Stefan said:
Here, tho, I have to disagree: I can't think of any type-safe language where
the compiler would be able to make good use of segments. You might be able
to keep most objects in a flat space and then map every array to a segment
(thus benefitting from the segment's bounds check), but it's probably going
to be too much trouble considering the risk that it will suffer pathological
degradation on programs that use a large number of small arrays (because the
hardware would have a hard time managing efficiently thousands of actively
used segments).
I admit that the possibility of pathological behaviour exists, but
it does on every platform in one way or another. Who would have
thought that database code could have such long runs of loopless
code that it trashed the decoded instruction caches of some
processors, putting the decoder on the critical path?
To sort-of answer the question, I know of at least one
language/compiler combination (Inria's SmartEiffel) that manages
all allocations of small objects through typed pools, so that
system memory requests are always at least a whole page. This is
for a language with strict bounds checking, so I assume that some
of the same issues must hold. I dare say that other strongly
typed languages could do the same. It wouldn't be hard to do
something similar for C, either, just that the only "type"
information available to the allocator at run time is the object size.

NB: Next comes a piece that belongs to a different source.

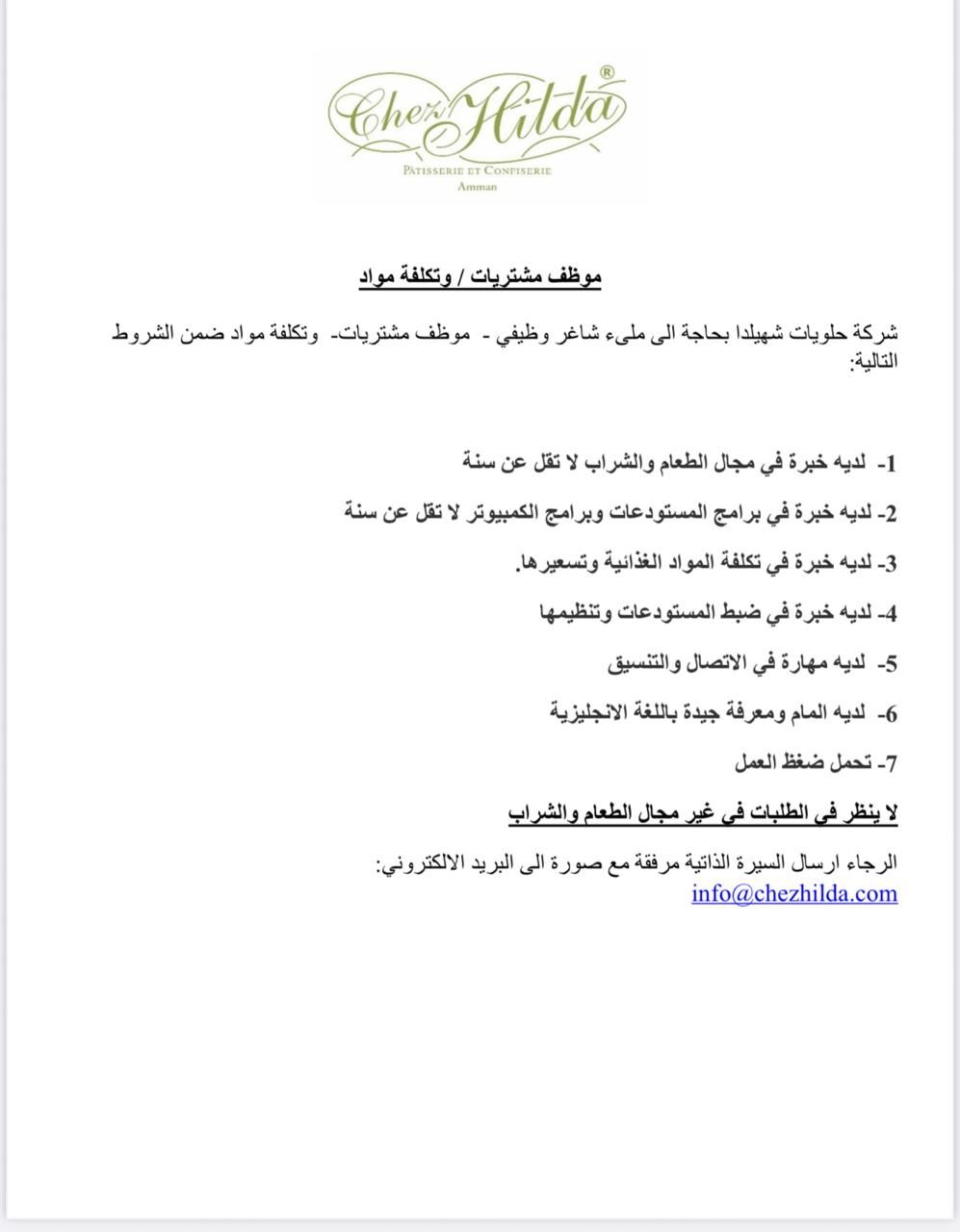 تُعلن شركة حلويات Chez Hilda في عمان عن حاجتها لتعيين موظف مشتريات / تكلفة مواد ضمن الشروط التالية:

In theory, yes. In practice, it's very difficult for the compiler to
figure out how to compile the thing (I gather that one of the difficulty is
to figure out whether "foo *bar" is a pointer to an object `foo' or
a pointer to an array of `foo's or a pointer to one of the elements of an
array of `foo's).
I think that the last of these is the only one that could be
tricky, and without too much thought that seems to fit the plan
too. There is no difference between a pointer to an object foo
and a pointer to an array of foos, just the first case has an
array length of one (which could be checked). If your pointers
are compound things containing base and index, then the pointer to
a specific element should still work too.